■ Assigned task
Leave the pictures aside. Retype exactly the lines from the top of the data below through the one holding "공개된 영상 속에는 나란히".

═════ Dataset excerpts ═════

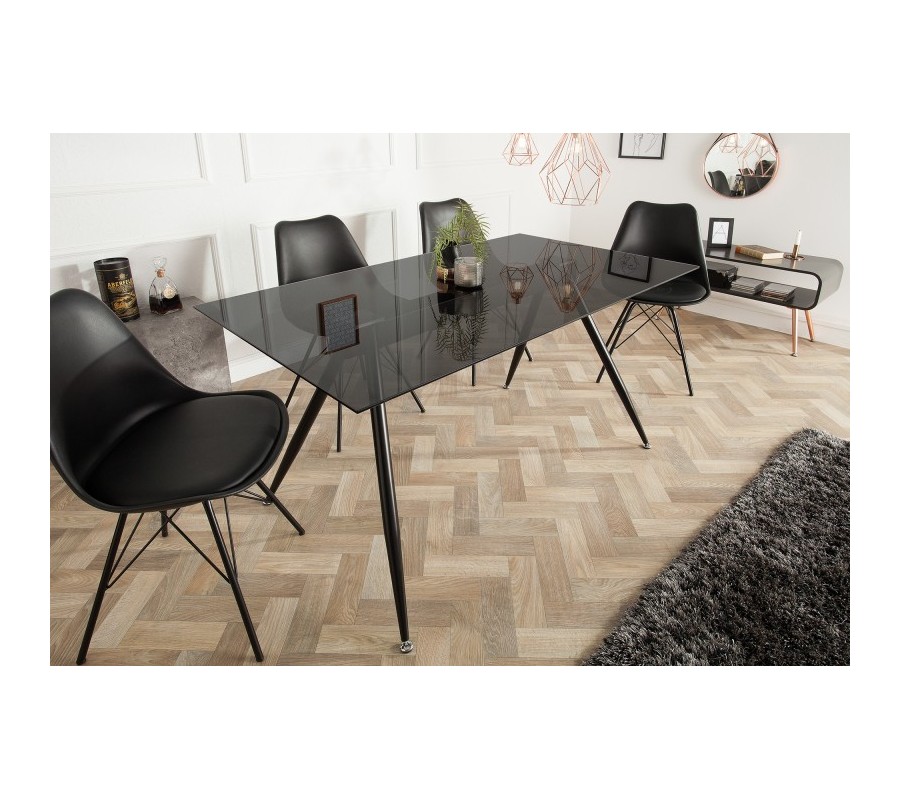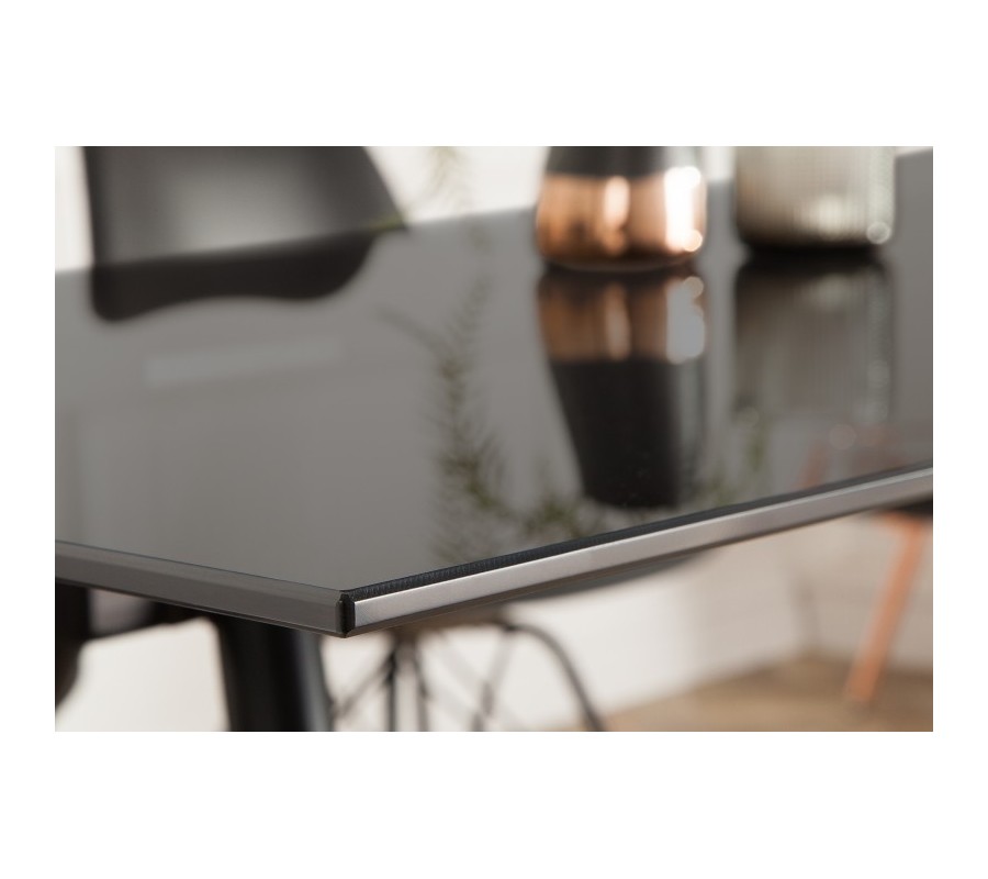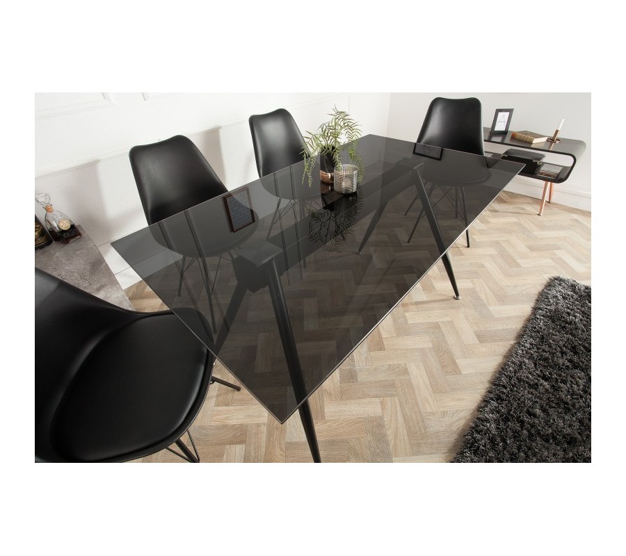 Moderný sklenený jedálensky stôl Ghost je vyrobený zo skla a štyroch kovových nožičiek. Vhodnou kombináciou sú interiéry zladené v modernom štýle. Dokonalo sa kombinuje s inými prvkami v čiernom farebnom vyhotovení. Výrobok je vyhotovený ručnou prácou, preto je unikátny. Dominantným na tomto jedálenskom stole je jeho horná doska vyrobená z tvrdeného bezpečnostného skla, ktoré je po jeho hranách a rohoch vkusne zabrúsené. Sklenená horná doska mu dodáva nádych luxusu. Originálny dizajn a unikátny tvar vytvára interiéru výnimočnosť a osobitnosť. Obohaťte si svoj interiér o tento nový kúsok.
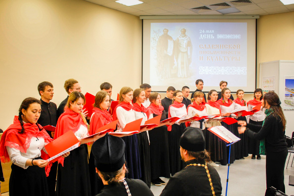 Программа мероприятия продолжилась выступлением смешанного хора семинарии. Студенты духовной школы исполнили греко-латино-славянский тропарь Пасхи и гимн святителя Николая Сербского «Вера вечна».
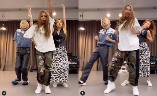 공개된 영상 속에는 나란히 서 '눈누난나' 챌린지를 하고 있는 제시, 현아, 던의 모습이 담겼다.
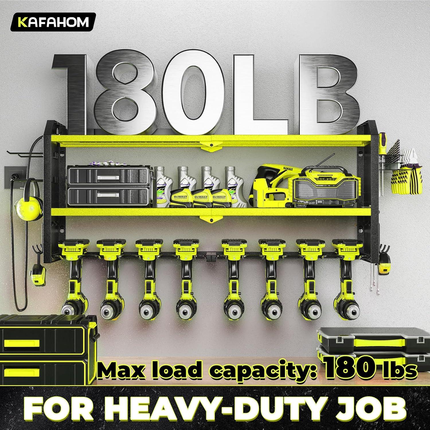Robust Construction: Built to last, KAFAHOM tool box organizers and storage wall mount features a sturdy alloy frame and reinforced double-layered metal plates for exceptional load-bearing capacity. It's the ideal utility cordless drill holder for a wide range of tools and accessories.
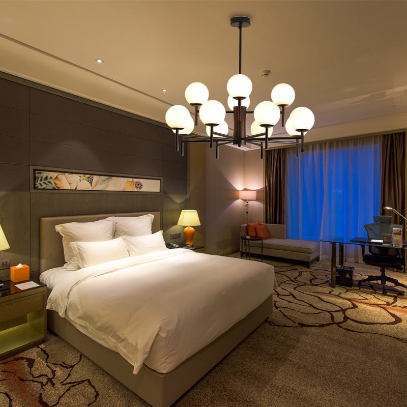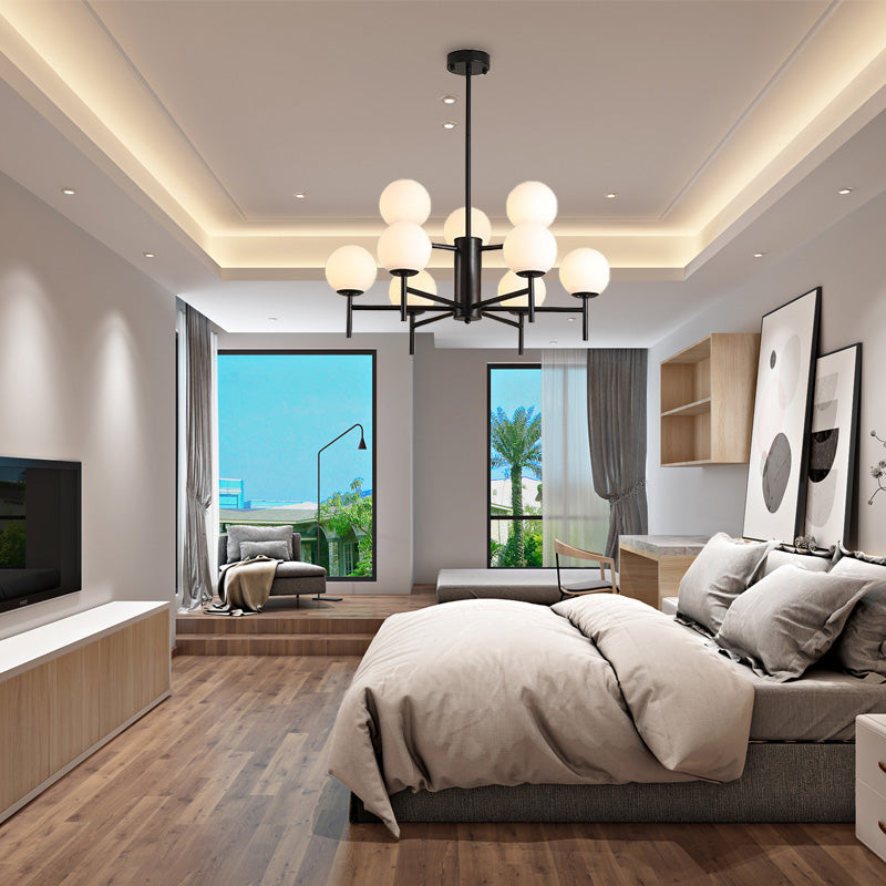 This chandelier is perfect to inject a touch of modernity to any space. The black and gold finish with a radial design is perfect to add a touch of glamour to any room. The milk glass chandelier hanging lamp is perfect to complete the look. The chandelier comes with 6, 8, or 9 lights and is made with E26/E27 bulbs.
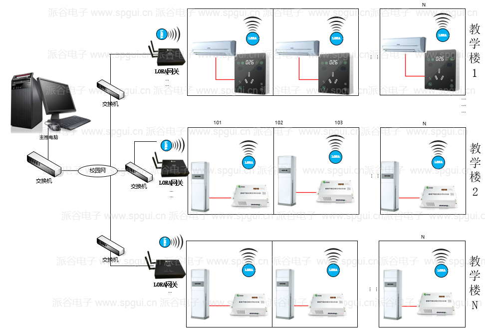 基于電力辦公區(qū) “強電磁干擾、多層分散布局、多品牌設(shè)備混雜” 的核心特性,最終選定廣州派谷 LoRa 通訊系列空調(diào)節(jié)能控制系統(tǒng),構(gòu)建 “終端智能控制 + LoRa 無線傳輸 + 云端平臺管理” 的三層架構(gòu),核心選型邏輯圍繞 “場景適配” 展開,而非單純追求設(shè)備參數(shù)。?
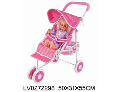 16"4声填棉公仔+婴儿遮阳手推车(EVA轮)包电
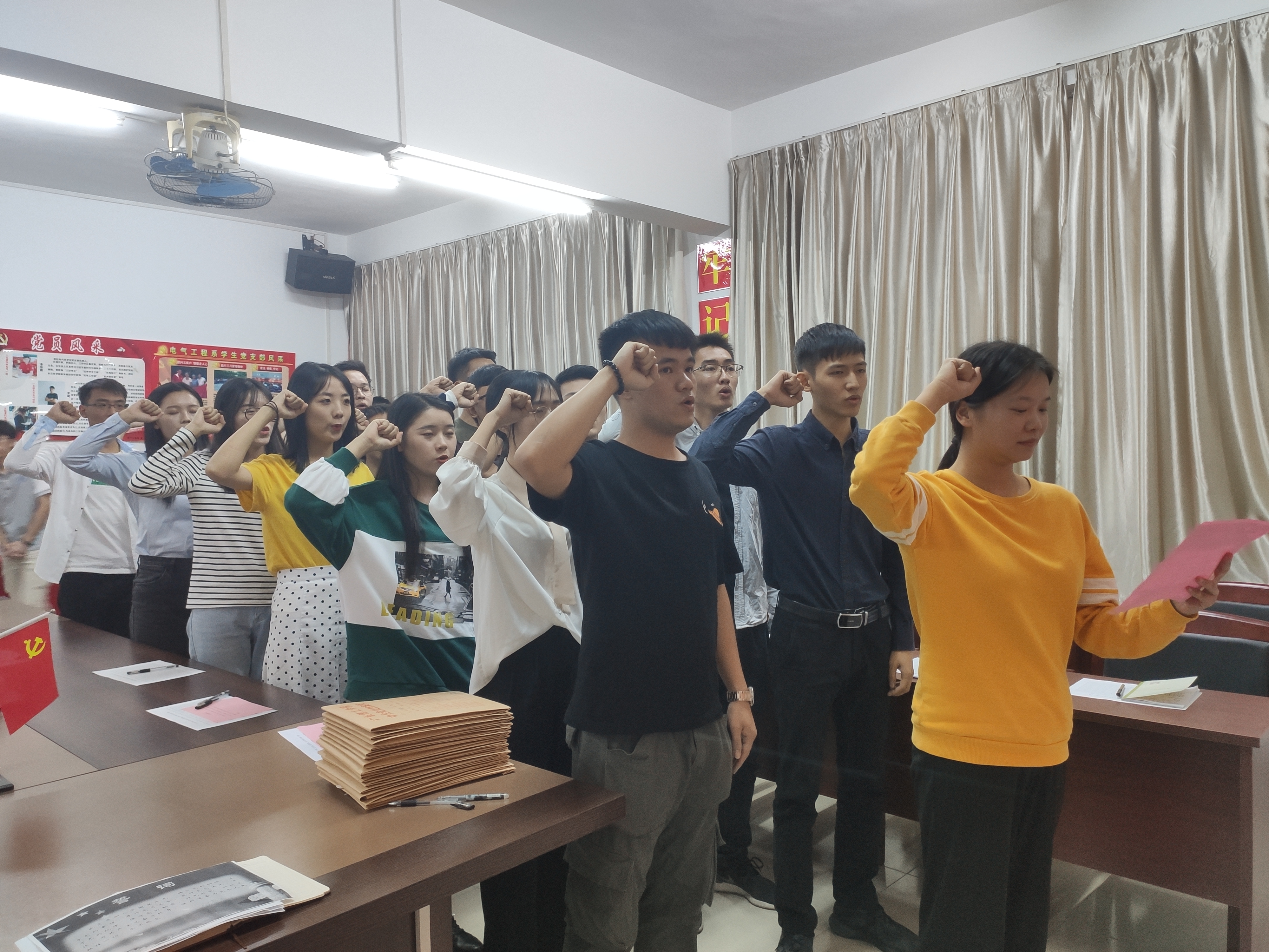 2019年11月08日下午,太阳网集团tcy8722于7栋203室召开第二十二期第一批预备党员转正大会。本次会议由太阳网集团tcy8722学生党支部书记何娟主持,党总支陈强副书记、辅导员钟敏杰老师、蔡瑞菁老师、王嘉晨老师、陈鸿才老师等党员老师以及李耀鑫等16位预备党员参加本次会议。应参会正式党员21名,实到17名,超过正式党员的2/3,本次支部党员转正大会有效。

═════

■ Answer below
 Moderný sklenený jedálensky stôl Ghost je vyrobený zo skla a štyroch kovových nožičiek. Vhodnou kombináciou sú interiéry zladené v modernom štýle. Dokonalo sa kombinuje s inými prvkami v čiernom farebnom vyhotovení. Výrobok je vyhotovený ručnou prácou, preto je unikátny. Dominantným na tomto jedálenskom stole je jeho horná doska vyrobená z tvrdeného bezpečnostného skla, ktoré je po jeho hranách a rohoch vkusne zabrúsené. Sklenená horná doska mu dodáva nádych luxusu. Originálny dizajn a unikátny tvar vytvára interiéru výnimočnosť a osobitnosť. Obohaťte si svoj interiér o tento nový kúsok.
 Программа мероприятия продолжилась выступлением смешанного хора семинарии. Студенты духовной школы исполнили греко-латино-славянский тропарь Пасхи и гимн святителя Николая Сербского «Вера вечна».
 공개된 영상 속에는 나란히 서 '눈누난나' 챌린지를 하고 있는 제시, 현아, 던의 모습이 담겼다.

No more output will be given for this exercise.